D&D 5E XP for gold 5th Edition campaign

The thing that always conceptually bugs me about XP for gold is that it doesn't allow for XP from something like being dropped in a prehistoric jungle and fighting your way our past a bunch of dinosaurs and such (no loot). That's something that seems to me like it should provide quite a bit of XP, whereas slipping past the guards and grabbing a pile of gold seems like it should provide minimal increase in your combat capability (and levels primarily increase your combat capability).

So, for those who are fans of XP for gold, how would you address my concern?

If your campaign / game is about surviving a prehistoric jungle then you wouldn't use gold for XP. You would probably either use XP for dinosaurs, or maybe XP for every day they stay alive.

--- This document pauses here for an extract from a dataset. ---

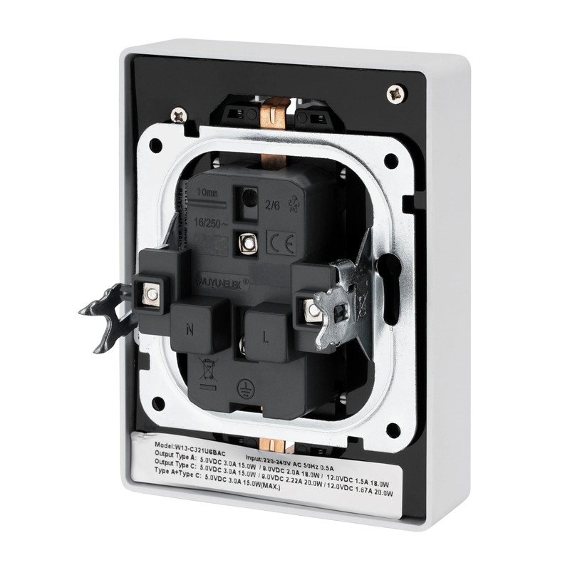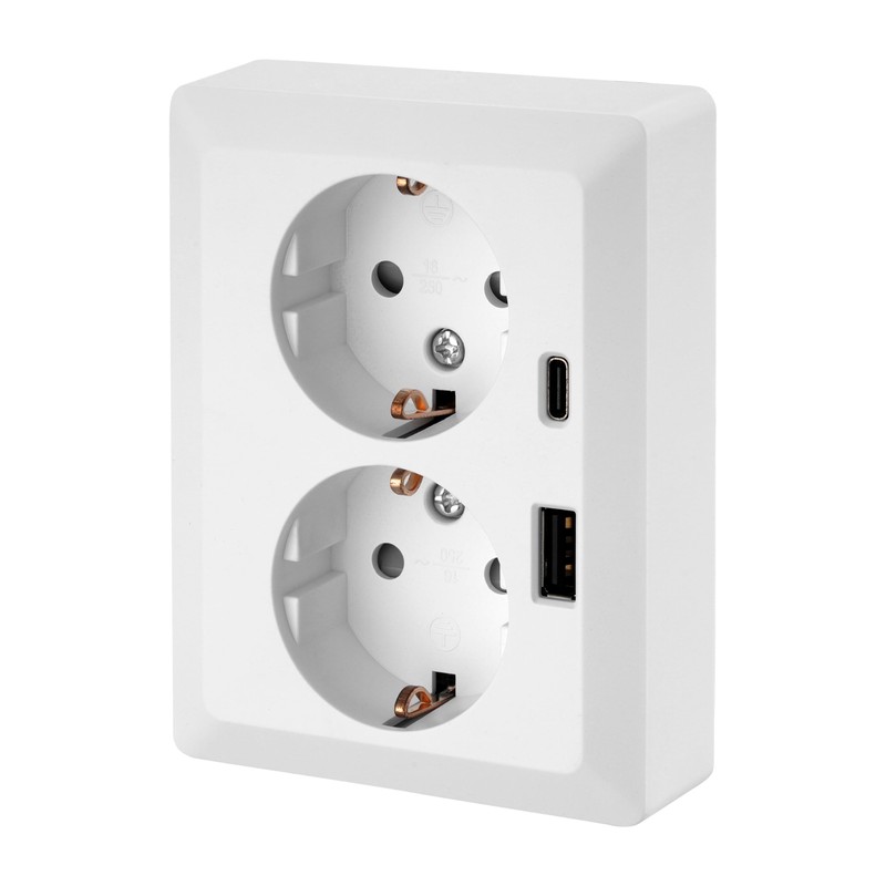 Compact flush-mounted double socket with 2 x USB ports. Fits into a standard flush-mounted socket.

If the game is about exploring dungeons and recovering treasure, than recovering gold represents the culmination of an aggregate sum of activities taken (using class abilities, combat, problem solving). Levels don't only increase combat capability but also increase your character's general dungeoneering skill (improved saving throws, hit points, skills, etc... all increase your character's capability of handling a dungeon environment).

In this style game, XP for Gold is appropriate. What is the indicator of a successful dungeon delve? Returning with a grand pile of treasure. A delve that resulted in killing a 100 creepies but results in a handful of rusty swords and 25 ep would be a failure.

XP for gold works in this style campaign. It wouldn't work as well in a different style campaign.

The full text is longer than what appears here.